1. The problem statement, all variables and given/known data

I need to simplify the following integral

$$f(r, \theta, z) =\frac{1}{j\lambda z} e^{jkr^2/2z} \int^{d/2}_0 \int^{2\pi}_0 \exp \left( -\frac{j2\pi r_0 r}{z\lambda} \cos \theta_0 \right) r_0 \ d\theta_0 dr_0 \tag{1}$$

Using the following integrals:

$$\int^{2\pi}_0 \cos (z \cos \theta) d \theta = 2 \pi J_0 (z) \tag{i}$$
$$\int^{2\pi}_0 \sin (z \cos \theta) d \theta =0 \tag{ii}$$
$$\int^{z}_0 z J_0 (u) du=zJ_1 (z) \tag{iii}$$

P. S. This integral is meant to give the radial intensity profile of the diffraction pattern of the circular aperture ($|f(r, \theta, z)|^2$).
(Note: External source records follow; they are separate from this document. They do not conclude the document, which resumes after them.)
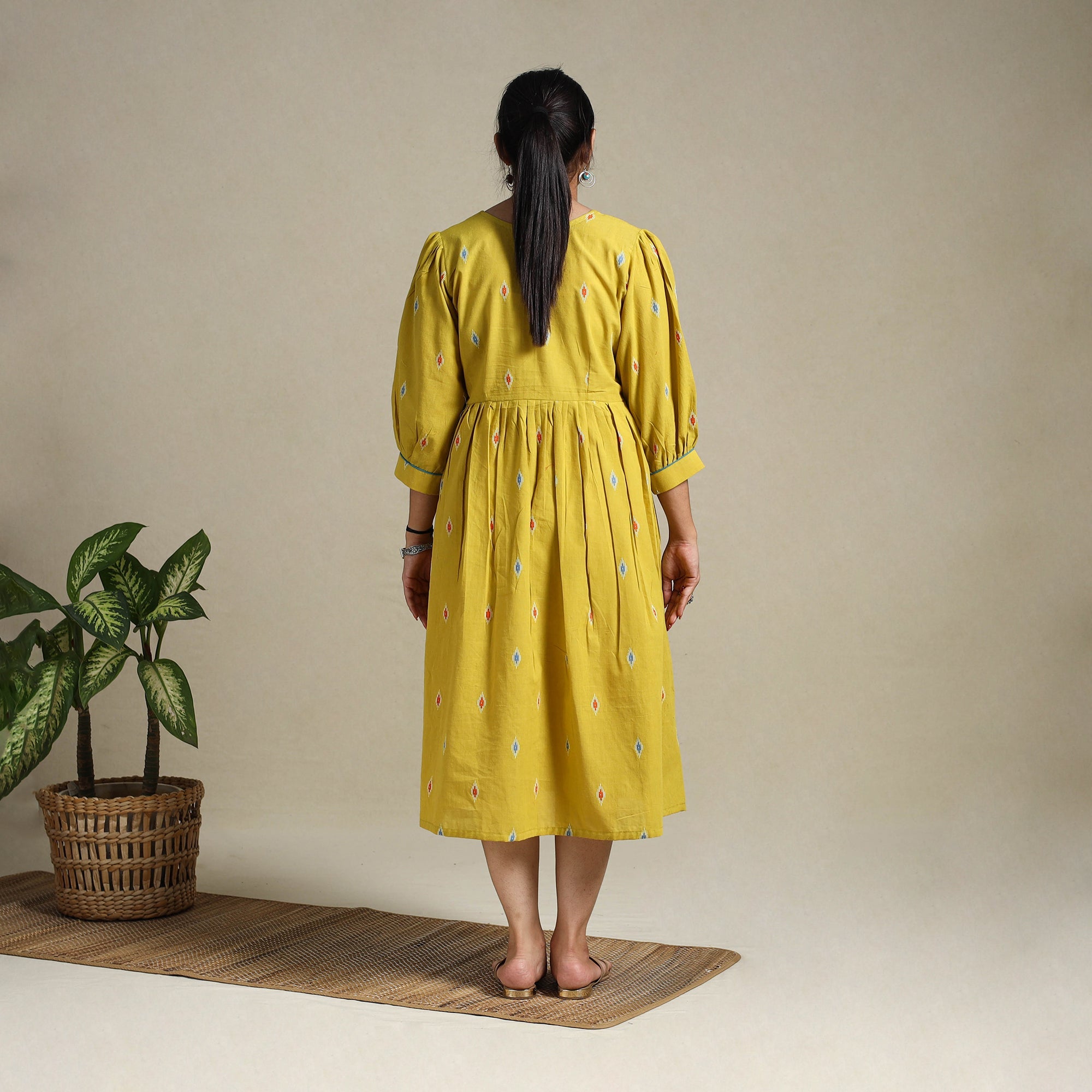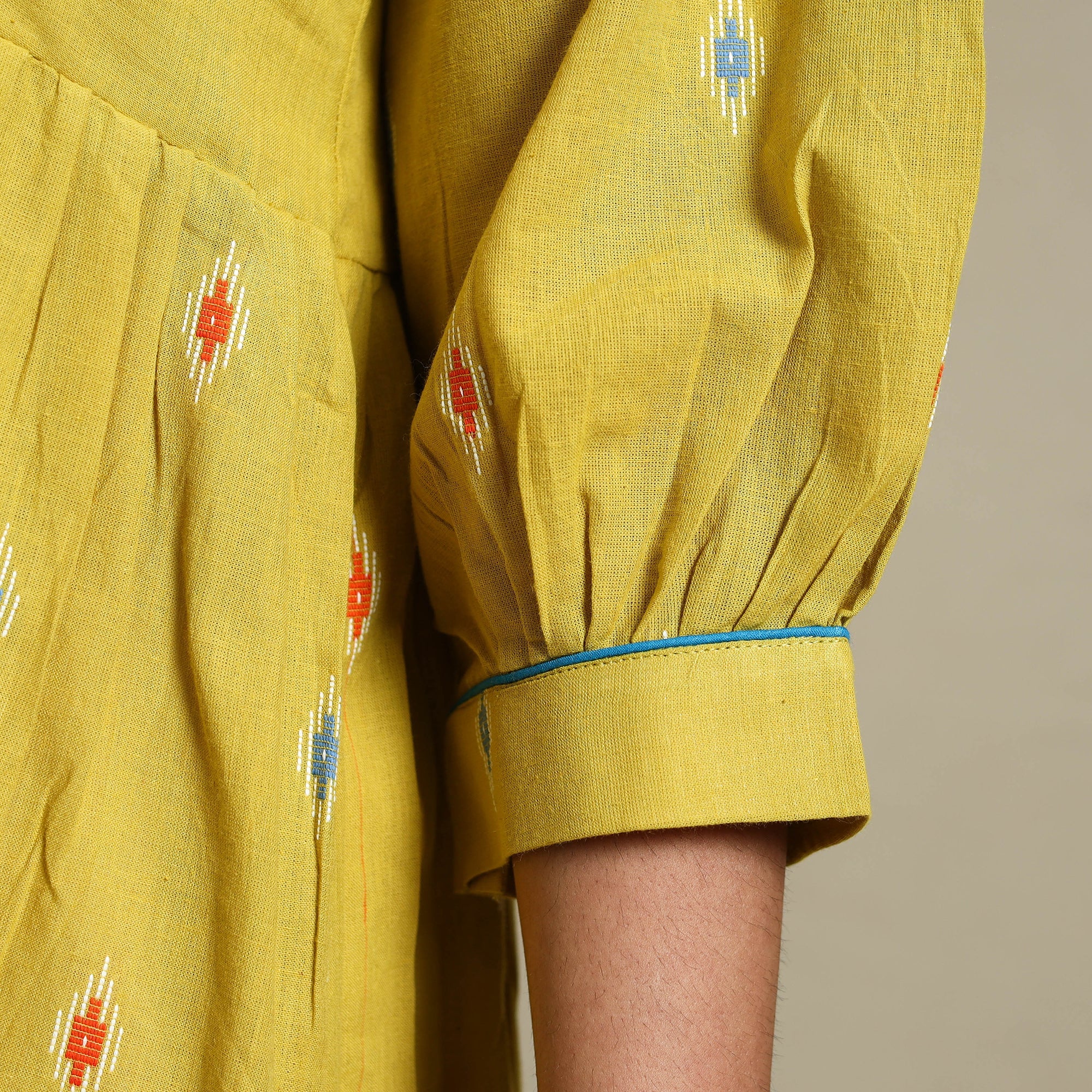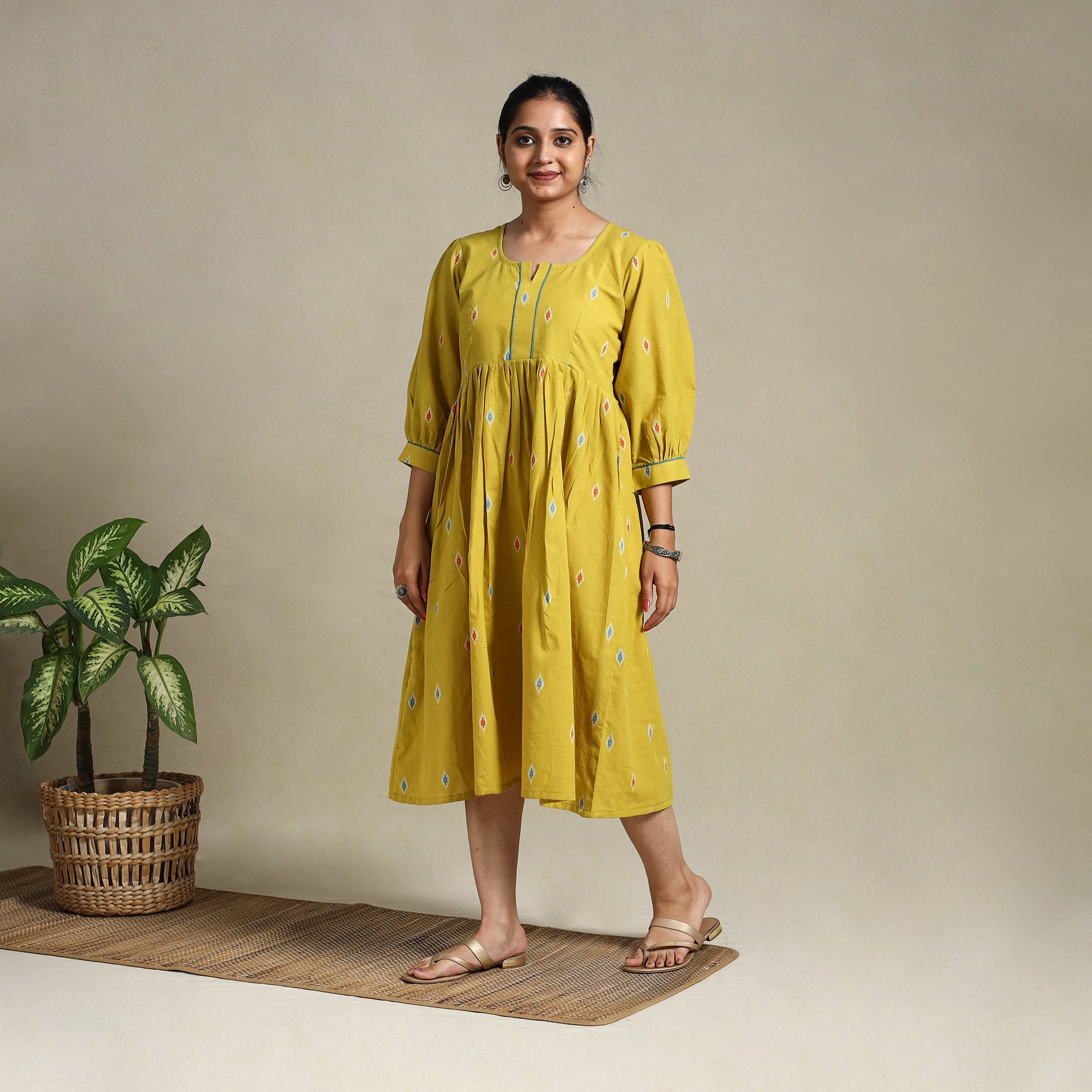 This yellow cotton jacquard dress blends traditional weaving with modern elegance. Crafted by skilled artisans, it showcases the beauty of jacquard, a weaving technique known for its intricate patterns. The breathable cotton fabric ensures all-day comfort, while the graceful flared design adds charm and ease to your look. Ideal for casual outings, office wear, or relaxed gatherings.
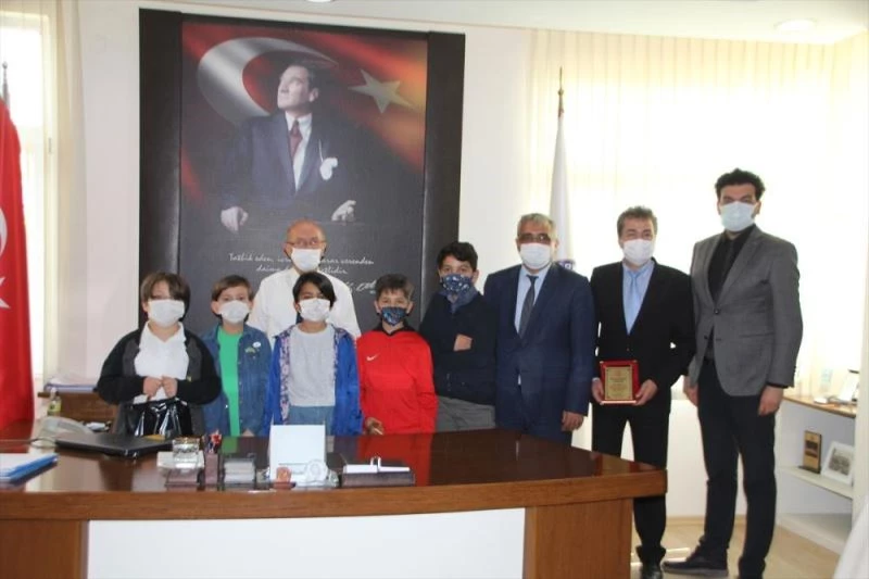 İlçe Milli Eğitim Müdürü İkram Ekiz, Okul Müdürü Mustafa Toşur, Akıl ve Zeka Oyunları Eğitmeni Danışman Öğretmen Öner Kaya, şampiyonada derece giren öğrenciler Mete Yağız Can, Görkem Kır, Cemre Bozkurt, Arif Ege Okudan ve Hüseyin Uras Kaya, Kaymakam Mehmet Kurdoğlu'nu makamında ziyaret etti.
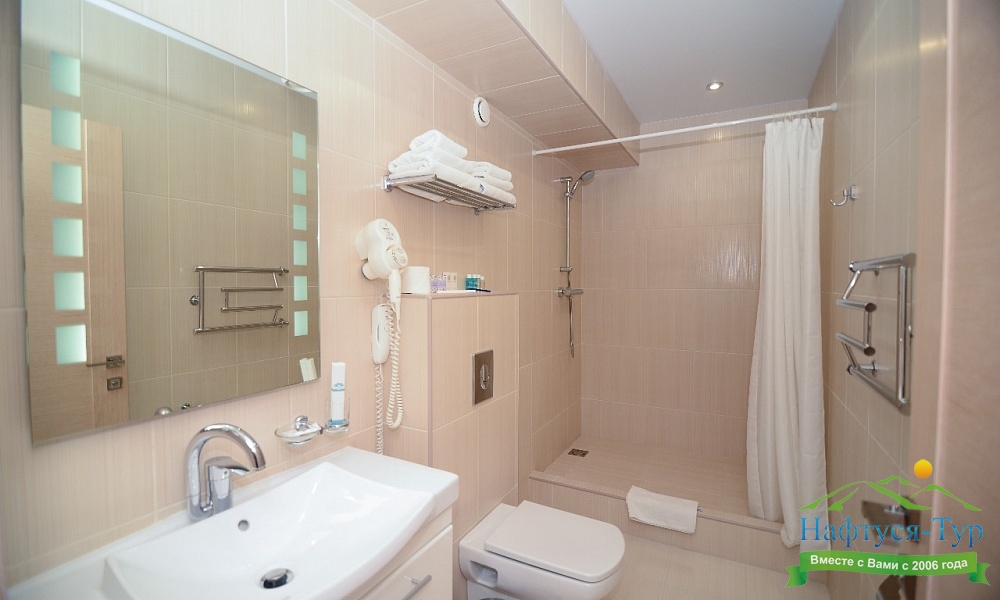 с душем, тапочки, туалетные принадлежности, фен, халат
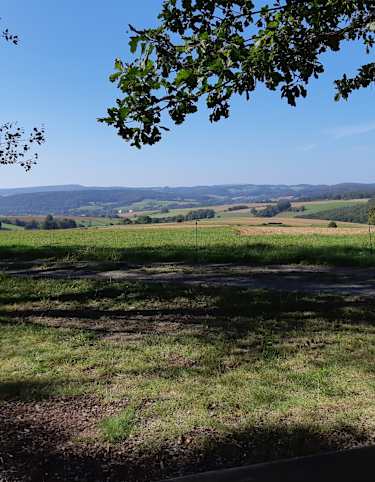 Vom Parkplatz Gustavsruhe unter der Burg wandert man hinauf zum Breuberg. Der Weg führt am Burggraben entlang bis nach links ein Weg abzweigt. Es geht bergab in die Nähe der Gustavsruhe. Hier geht man nach rechts und wandert über Wiesen und am Waldrand entlang. Bei der Schwedenschanze betritt man wieder den Wald.
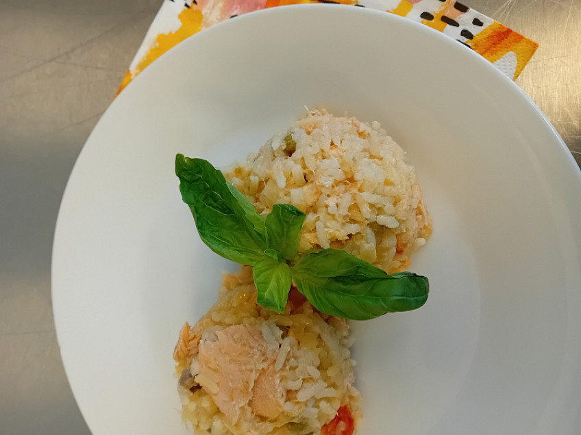 Rizoto s lososem, cherry rajčaty a hráškem, čerstvá bazalka a parmezán
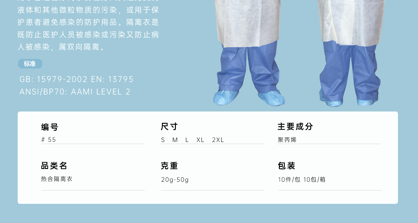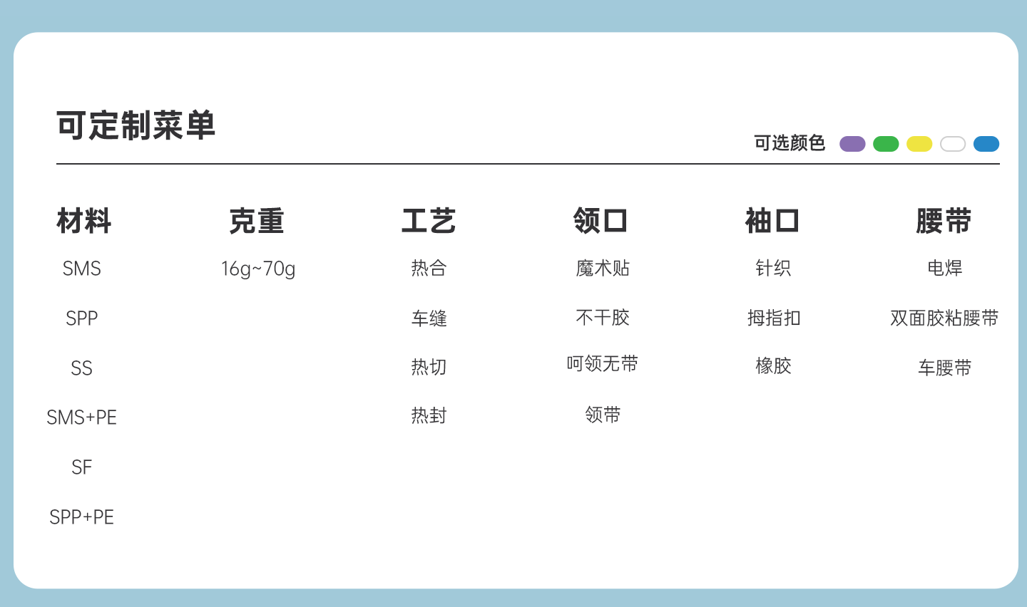 規(guī)格尺寸:S~2XL 主要成分:聚丙烯 克重:20g~50g 顏色:白色、黃色、藍(lán)色 工藝:熱合、橡筋袖口、套頭式、有后背、點(diǎn)焊腰帶 包裝:10件/包 10包/箱
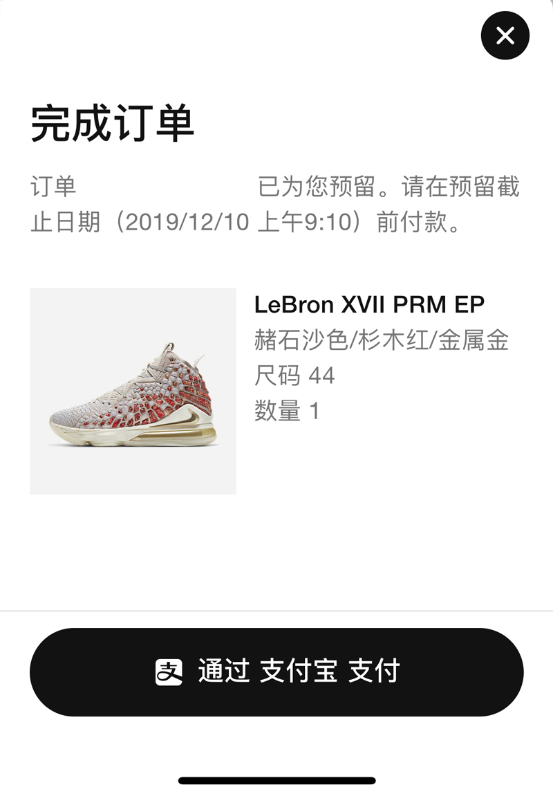 与 SNKRS APP 不同的是,在 Nike APP 中签后订单只保留 10 分钟(SNKRS APP 为 15 分钟)。
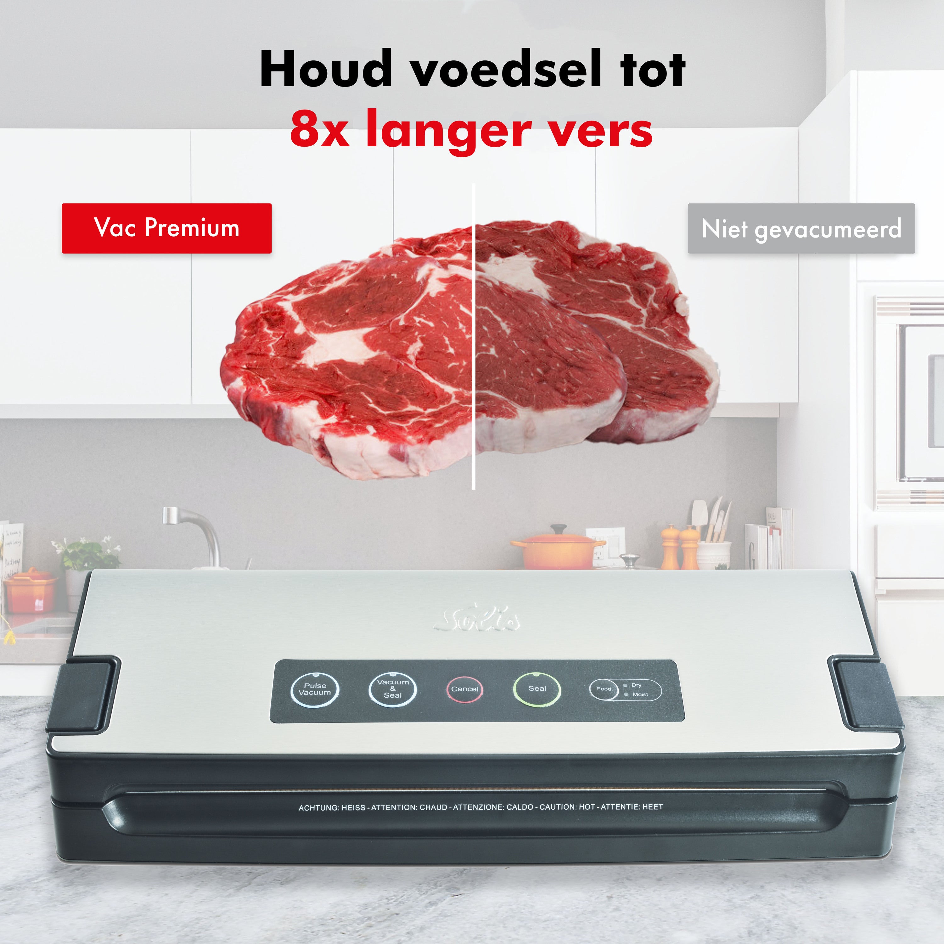 - INHOUD - Solis Vac Premium 574 vacumeermachine, inclusief vacumeerslang en 2 vacuümrollen (20 x 600 cm) en 50 vacuümzakken (20 x 30 cm)
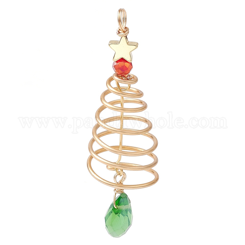 Большие подвески из латуни и стекла, с медной проволокой, Рождественская елка со звездой
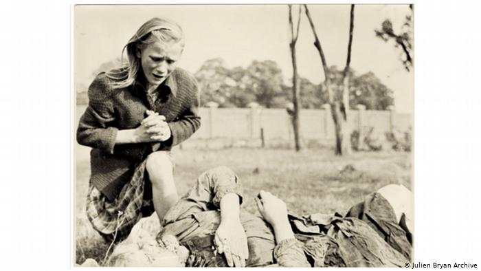 1939年9月13日,華沙附近。女孩子們正在田裡收土豆。這時德國飛機出現在她們上空,隨著機槍掃射,安齊婭當即倒在地上。她的妹妹卡齊米拉驚恐悲傷地跪在她的身旁。壹名美國攝影師捕獲了這壹瞬間。
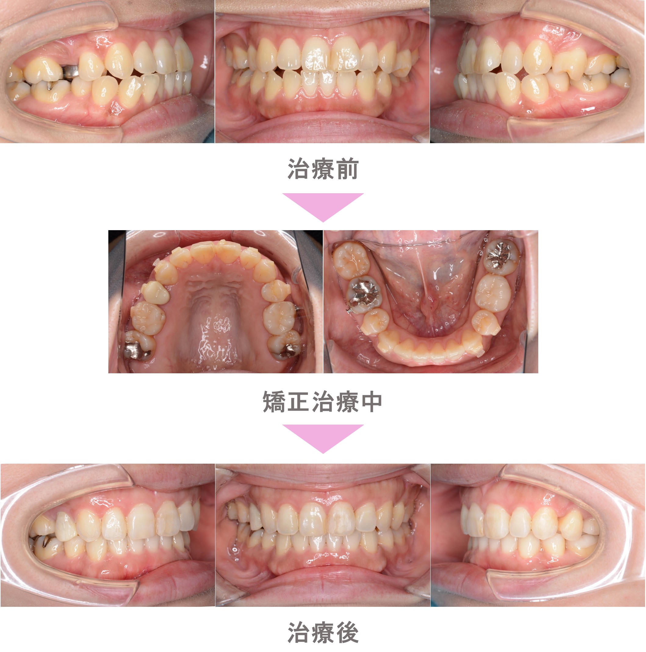 インビザライン矯正(マウスピース矯正)の症例のご紹介です。この患者様は、東京都品川区内からご来院の30代女性で、奥歯の咬み合わせと、口元が出ていることが気になりご来院されました。成人の正中のずれ(前歯の中心のずれ)と切端咬合(ぶつかる咬み合わせ)と叢生(前歯のでこぼこ)の症状があり、ワイヤー矯正より痛みの少ないインビザラインにて治療しました。治療期間は3年です。上下の咬み合わせが整い、綺麗な歯並びになりました。
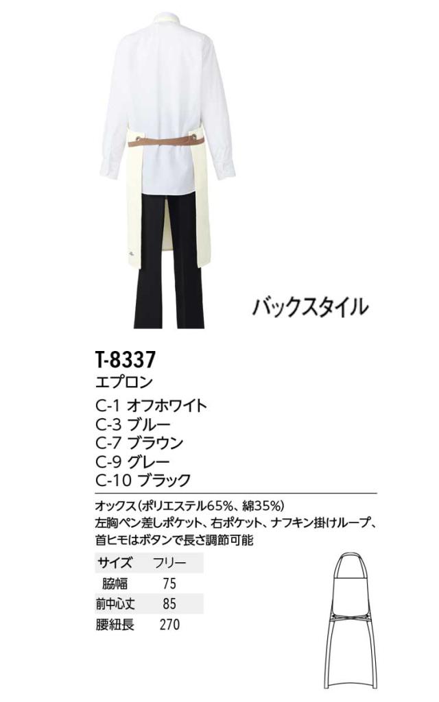 飲食サービス系ユニフォーム アルベ arbe チトセ chitose 兼用 エプロン T-8337 通年

I am required to express this as a simple function of a $J_1(.)^2$ function. Here $J_n (z)$ denotes the Bessel function of order $n$.

2. Relevant equations

3. The attempt at a solution

Leaving aside the constant $A=\frac{1}{j\lambda z} e^{jkr^2/2z}$ in the front, the integral becomes:

$$\int^{d/2}_0 r_0 \int^{2\pi}_0 \exp \left( -\frac{j2\pi r_0 r}{z\lambda} \cos \theta_0 \right) \ d\theta_0 dr_0$$

$$=\int^{d/2}_0 r_0 \int^{2\pi}_0 \cos \left( -\frac{j2\pi r_0 r}{z\lambda} \cos \theta_0 \right) + j \sin \left( -\frac{j2\pi r_0 r}{z\lambda} \cos \theta_0 \right) \ d\theta_0 dr_0$$

Using (i) and (ii):

$$=\int^{d/2}_0 r_0 2 \pi J_0 \left( \frac{j2\pi r_0 r}{z\lambda} \right) dr_0$$

Here I had to use a substitution $u=j2\pi r r_0/z \lambda$, and $dr_0 = \frac{z \lambda}{j2\pi r} du$:

$$\left( \frac{z\lambda}{j 2 \pi r} \right)^2 2 \pi \int^{\frac{z \lambda d}{4 j \pi r}}_0 u J_0 (u) du$$

Using (iii) this becomes:

$$\therefore f(r, \theta, z) = A. \frac{d}{r} \left( \frac{z \lambda}{2 \pi r} \right)^2 J_1 \left( \frac{z \lambda d}{4 j \pi r} \right)$$

However, in textbooks, this intensity distribution (known as 'Airy pattern') is given by:

$$|f(r, \theta, z)|^2 = \left( \frac{\pi d^2}{4 \lambda^2} \right)^2 \left[ \frac{2 J_1 \left( \frac{d \pi r}{z \lambda} \right)}{\frac{\pi d r}{\lambda z}} \right].$$

So, why is my answer so different? What is the mistake?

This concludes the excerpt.